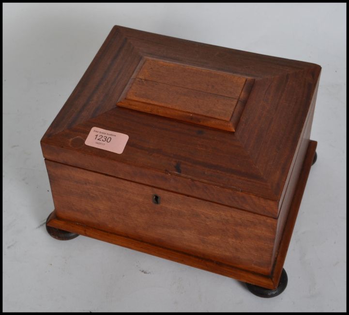 A 19th century Regency satinwood ladies workbox of sarcophagus form. Of exquisite satin wood panel construction with hinged top above.
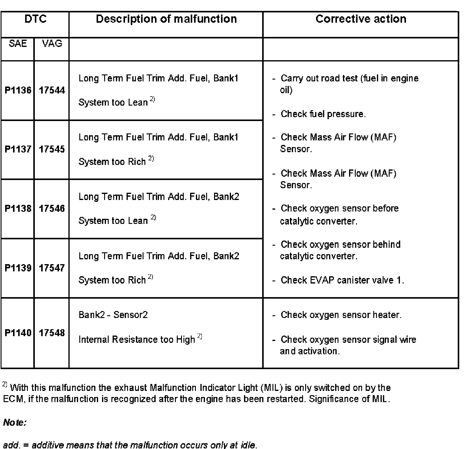 DTC P1136 - P1140:
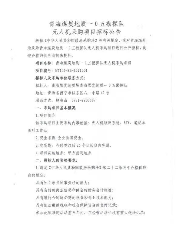 青海煤炭地质一0五勘探队无人机采购项目招标公告
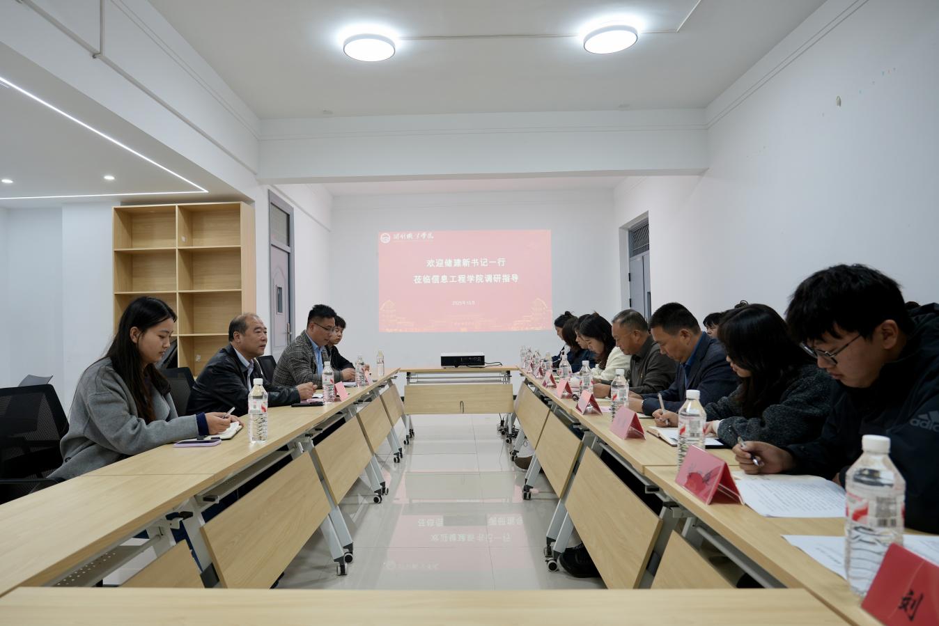 10月16日下午,校党委书记储建新一行莅临信息工程学院调研指导并召开座谈会。学院党总支书记、院长张东生,党总支副书记、副院长张成文及全体党员教师参加此次座谈会。会议由校党委委员、组织(统战)部部长高云龙主持。
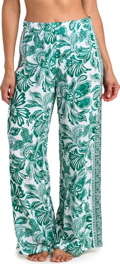 Designed with a breezy wide-leg silhouette, allover blossoms and boho beach ease, these cover-up pants are perfect for lounging in style.
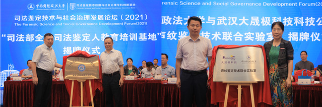 随后,会议进入揭牌仪式。刘嗣元、闫平为“司法部全国司法鉴定人教育培训基地”揭牌;姚莉、邓小涛为“声纹鉴定技术联合实验室”揭牌。
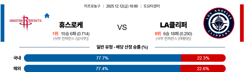 휴스턴이 홈에서 안정적인 흐름을 유지하고 있으며, LA 클리퍼스는 최근 부진한 모습이 계속되고 있어 휴스턴의 승리가 예상됩니다.
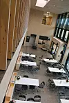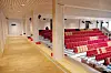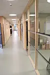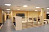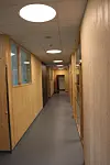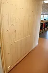 Noen steder i bygget har lyd- og brannkrav gjort at det er montert plater over massivtreelementene, men også der har det blitt skrudd opp ekstra treplater med tilnærmet lik overflate som massivtre.
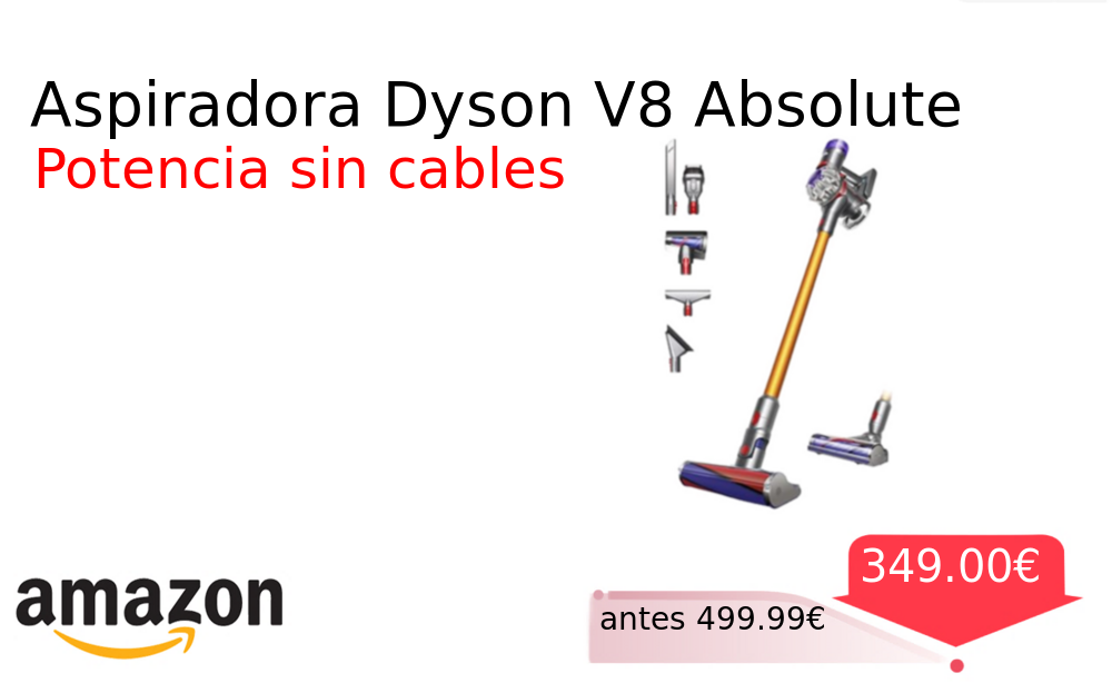 Más de un 30% 🚀 Aspiradora Dyson V8 Absolute❗️🆕 #Amazon 🇪🇸 📛Precio Ya 349.00€❗️ (PVP: +499.99€) ✨Aspiradora sin cable Dyson V8 Absolute con 115 AW de potencia Tecnología antienredos y cabezal giratorio suave Ligera y versátil para limpieza eficiente en. cholloya.com/DYSON_V8_ABSOLU
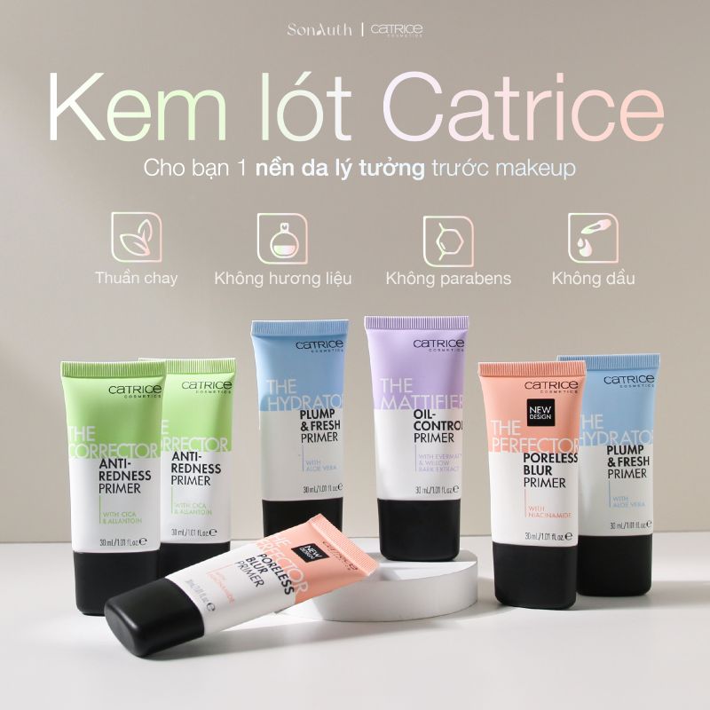 Kem lót Catrice Primer là dòng kem lót thuần chay giúp bạn chuẩn bị một nền da mịn màng, "ăn" nền và đảm bảo lớp trang điểm bền đẹp cả ngày. Thành phần thuần chay, không thử nghiệm trên động vật.

---

Task directions: Starting at the line containing "Designed with a" and stopping at the line containing "Noen steder i", output each line exactly as it appears above. Leave out the pictures.

Answer:
 Designed with a breezy wide-leg silhouette, allover blossoms and boho beach ease, these cover-up pants are perfect for lounging in style.
 随后,会议进入揭牌仪式。刘嗣元、闫平为“司法部全国司法鉴定人教育培训基地”揭牌;姚莉、邓小涛为“声纹鉴定技术联合实验室”揭牌。
 휴스턴이 홈에서 안정적인 흐름을 유지하고 있으며, LA 클리퍼스는 최근 부진한 모습이 계속되고 있어 휴스턴의 승리가 예상됩니다.
 Noen steder i bygget har lyd- og brannkrav gjort at det er montert plater over massivtreelementene, men også der har det blitt skrudd opp ekstra treplater med tilnærmet lik overflate som massivtre.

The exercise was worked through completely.